RECORDS FOR THIS EXERCISE >>
== == ==

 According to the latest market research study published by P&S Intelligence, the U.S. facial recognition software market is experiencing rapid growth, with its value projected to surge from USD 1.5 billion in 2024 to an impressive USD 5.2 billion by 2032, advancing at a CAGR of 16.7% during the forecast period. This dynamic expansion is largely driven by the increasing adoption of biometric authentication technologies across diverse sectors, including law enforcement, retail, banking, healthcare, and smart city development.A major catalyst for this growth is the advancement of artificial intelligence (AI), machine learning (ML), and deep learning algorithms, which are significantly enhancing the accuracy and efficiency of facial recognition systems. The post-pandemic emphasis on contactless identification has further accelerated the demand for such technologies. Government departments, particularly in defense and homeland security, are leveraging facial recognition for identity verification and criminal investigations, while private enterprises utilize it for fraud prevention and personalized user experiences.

== == ==

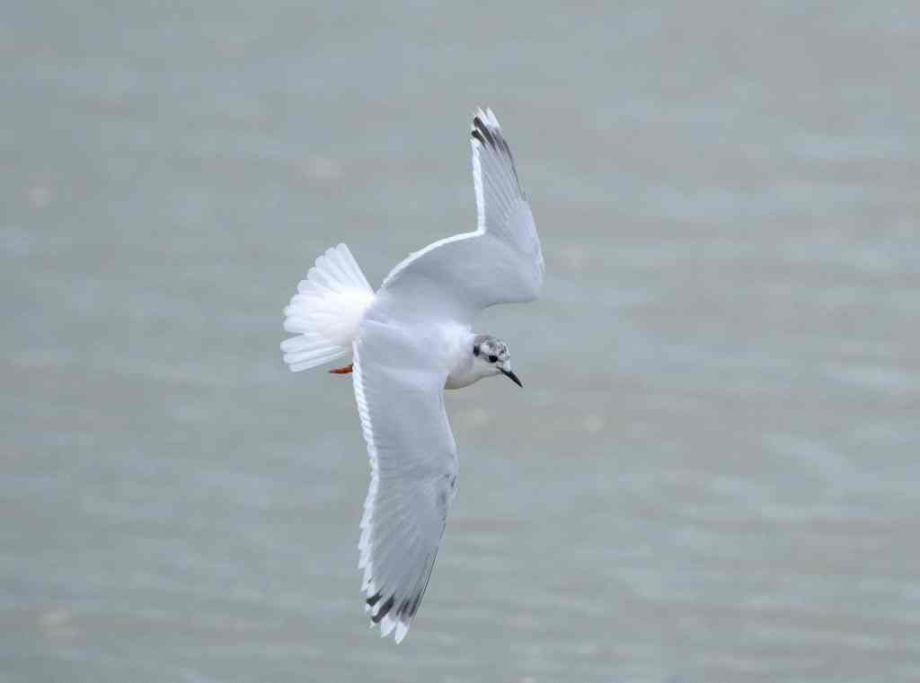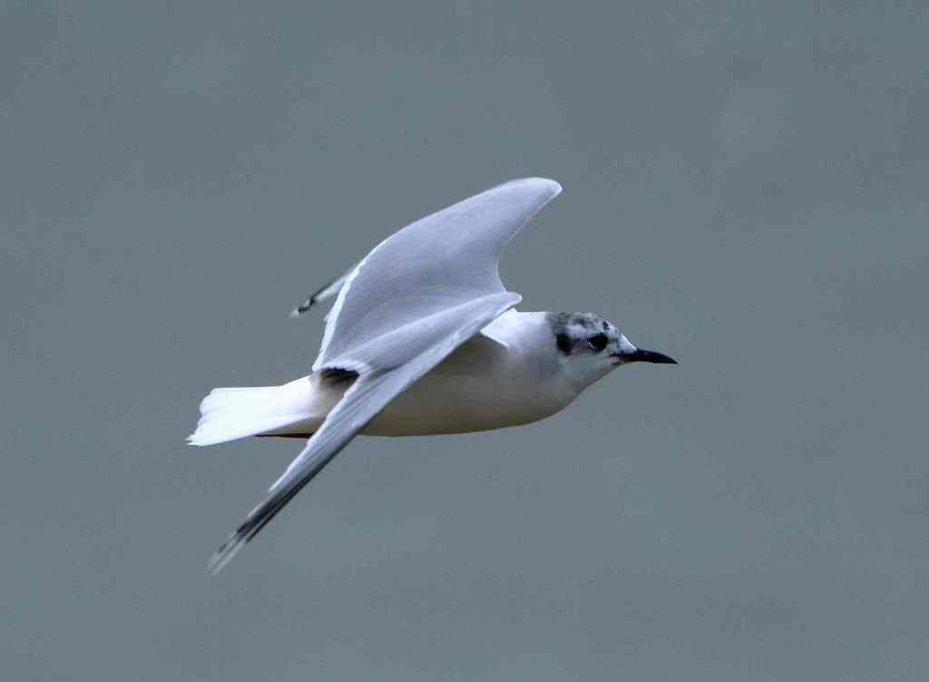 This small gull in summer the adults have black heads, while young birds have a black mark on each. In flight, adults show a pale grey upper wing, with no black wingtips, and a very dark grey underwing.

== == ==

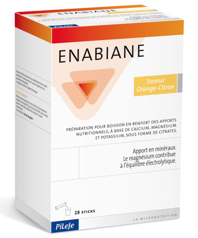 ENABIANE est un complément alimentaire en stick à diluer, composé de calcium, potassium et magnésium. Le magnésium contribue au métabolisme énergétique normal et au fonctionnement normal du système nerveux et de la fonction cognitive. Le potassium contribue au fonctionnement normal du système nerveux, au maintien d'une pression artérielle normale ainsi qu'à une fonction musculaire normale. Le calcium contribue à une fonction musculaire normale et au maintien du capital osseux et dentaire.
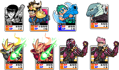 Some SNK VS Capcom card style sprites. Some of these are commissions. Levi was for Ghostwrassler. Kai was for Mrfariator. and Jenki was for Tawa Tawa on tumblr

== == ==

PROBLEM STATEMENT >> Output exactly, and only, the lines of the entries above from the one with "ENABIANE est un" up to and including the one with "Some SNK VS"; pictures are to be left out.

ANSWER TO THE PROBLEM >>
 ENABIANE est un complément alimentaire en stick à diluer, composé de calcium, potassium et magnésium. Le magnésium contribue au métabolisme énergétique normal et au fonctionnement normal du système nerveux et de la fonction cognitive. Le potassium contribue au fonctionnement normal du système nerveux, au maintien d'une pression artérielle normale ainsi qu'à une fonction musculaire normale. Le calcium contribue à une fonction musculaire normale et au maintien du capital osseux et dentaire.
 Some SNK VS Capcom card style sprites. Some of these are commissions. Levi was for Ghostwrassler. Kai was for Mrfariator. and Jenki was for Tawa Tawa on tumblr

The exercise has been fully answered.